Diese – gesetzlich vorgeschriebenen – Gebührenerhöhungen bedeuten für den Tierhalter natürlich eine höhere finanzielle Belastung, das ist auch uns Tierärzten klar. Sie wurde auch nicht von der Politik verabschiedet, damit wir mehr verdienen (im europaweiten Vergleich mit anderen Ländern mit ähnlichem durchschnittlichen Einkommen liegen die Kosten für tierärztliche Behandlungen in Deutschland noch immer ziemlich weit unten), sondern damit schlicht und ergreifend die Notfallversorgung aufrecht erhalten werden kann und kein ernsthafter Versorgungsnotstand entsteht.

Vielleicht wird das ein oder andere Tier, das schon einige Tage krank ist, nun nicht mehr erst am Sonntag, wenn gar nichts mehr geht, sondern schon am Freitag dem Tierarzt vorgestellt. Das wäre natürlich ein schöner Nebeneffekt der Verordnung, da diesem Patienten schneller geholfen und unnötiges Leid erspart werden konnte. Andererseits besteht durch die Gebührenerhöhung natürlich auch die Gefahr, dass einzelne akut kranke Tiere, die wirklich unmittelbar behandelt werden sollten, nun nicht zeitnah, also z. B. noch am Wochenende, dem Tierarzt vorgestellt werden, weil die Besitzer die zusätzlichen Kosten scheuen. Das wäre unschön und im Einzelfall vielleicht auch dramatisch. Die Verantwortung für eine solche Entscheidung liegt dann aber immer noch beim Besitzer. Und noch viel dramatischer wäre es sicherlich, wenn mittelfristig die Notfallversorgung aller Tiere gänzlich zusammenbrechen würde, weil auch die letzten Tierkliniken mit 24-Stunden-Bereitschaft aufgeben oder immer mehr Tierarztpraxen die Teilnahme an Ringnotdiensten an den Wochenenden einstellen müssten, weil die Kapazitäten einfach nicht mehr da sind, um dies aufrecht zu erhalten. 

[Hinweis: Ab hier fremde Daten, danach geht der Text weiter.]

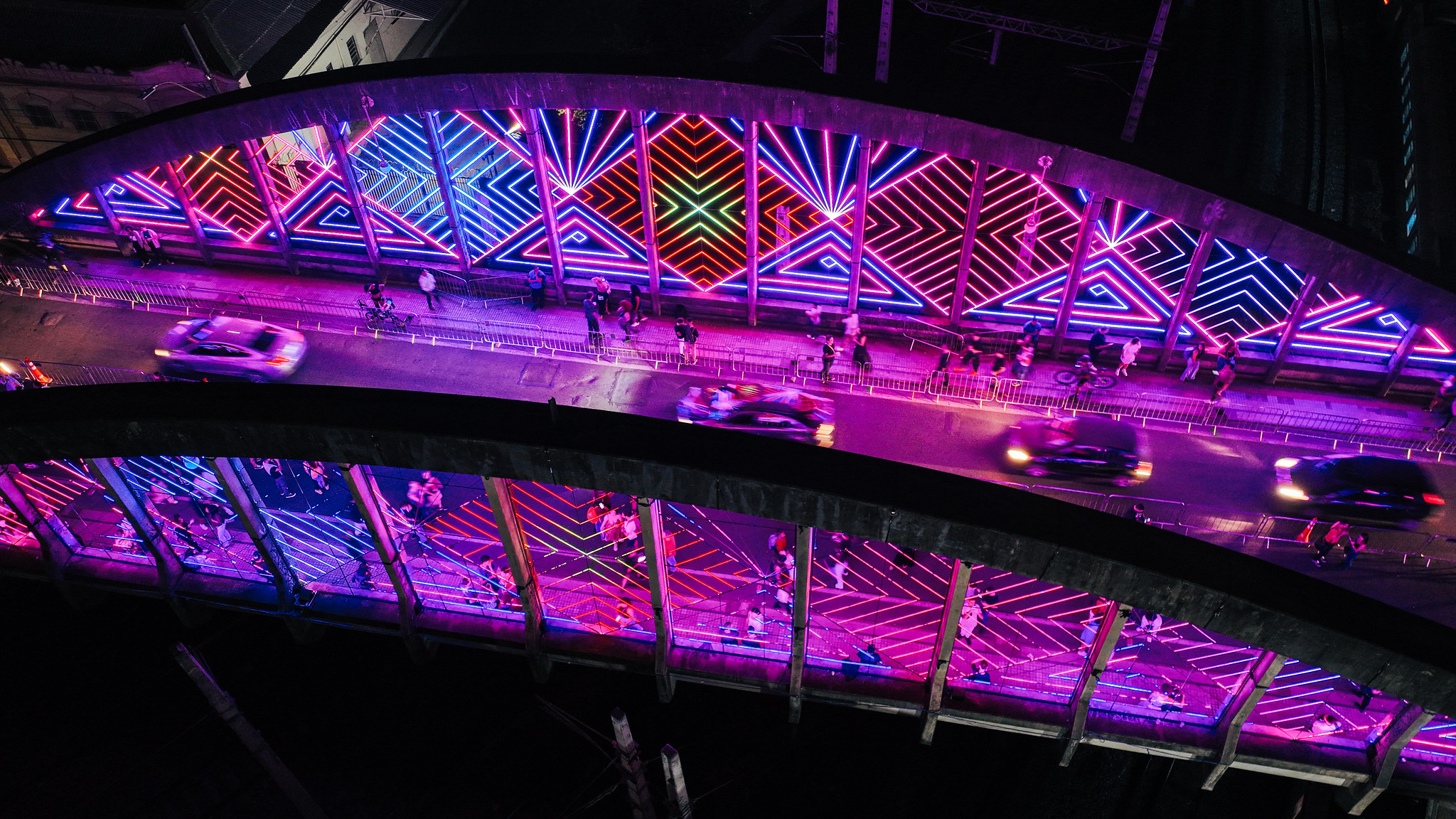 A programação reúne artistas locais e nacionais que transformam o espaço urbano em uma experiência imersiva de luz, arte e música.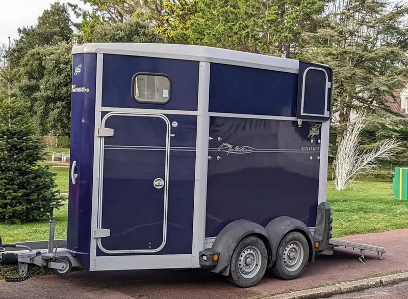 1 Place-1/2 CONFORT. Idéal pour le transport de grand chevaux. Etat: OCCASION Année du modèle: 2016 Couleur: Bleu PTAC : 1600Kg Poids à Vide : 767Kg équipé d’un pont avant et pont arrière
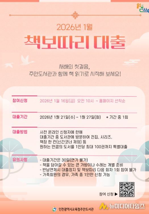 인천광역시교육청주안도서관은 지역주민의 독서문화 정착과 대출 활성화를 위하여 2025년에 이어 올해도 '책 보따리 대출'을 실시한다고 14일 밝혔다.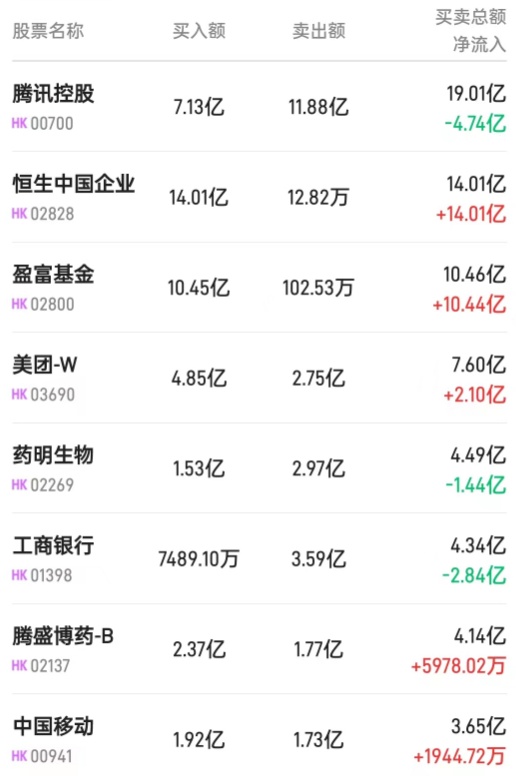 北水净买入最多的个股是盈富基金(02800)、恒生中国企业(02828)、美团-W(03690)。北水净卖出最多的个股是腾讯(00700)、工商银行(01398)。

Glücklicherweise ist es ja auch so, dass die wenigsten Tiere im Laufe ihres Lebens mehrmals im Notdienst zum Tierarzt müssen, und wenn man die höheren Gebühren für eine Notdienstkonsultation z. B. auf ein Hundeleben verteilt, relativiert sich die Summe. Dennoch empfiehlt es sich, rechtzeitig vorzusorgen, beispielsweise indem man eine Krankenversicherung für sein Tier abschließt oder – was schon immer empfehlenswert war – monatlich eine gewisse Summe beiseite legt. Sollte man dennoch einmal zu knapp bei Kasse sein, um die (Notfall-)Behandlung bezahlen zu können, sollte man sich vor dem Tierarztbesuch in der Familie oder im Bekanntenkreis Geld leihen. Insbesondere im Notdienst sind Behandlungen in aller Regel direkt im Anschluss an die tierärztliche Konsultation zu begleichen, da das Risiko, Kapital an Fremde zu verleihen, einfach unsagbar groß ist. Ich denke, diesbezüglich hat jeder im Notdienst engagierte Tierarzt schon unschöne Erfahrungen sammeln dürfen. Ob im Rahmen einer Notfallbehandlung mit einer Krankenversicherung direkt (also ohne Vorkasse durch den Besitzer) abgerechnet werden kann, sollte unbedingt im Vorfeld der Behandlung mit dem behandelnden Tierarzt und ggf. der Versicherung besprochen werden, da dies nicht in allen Fällen möglich ist.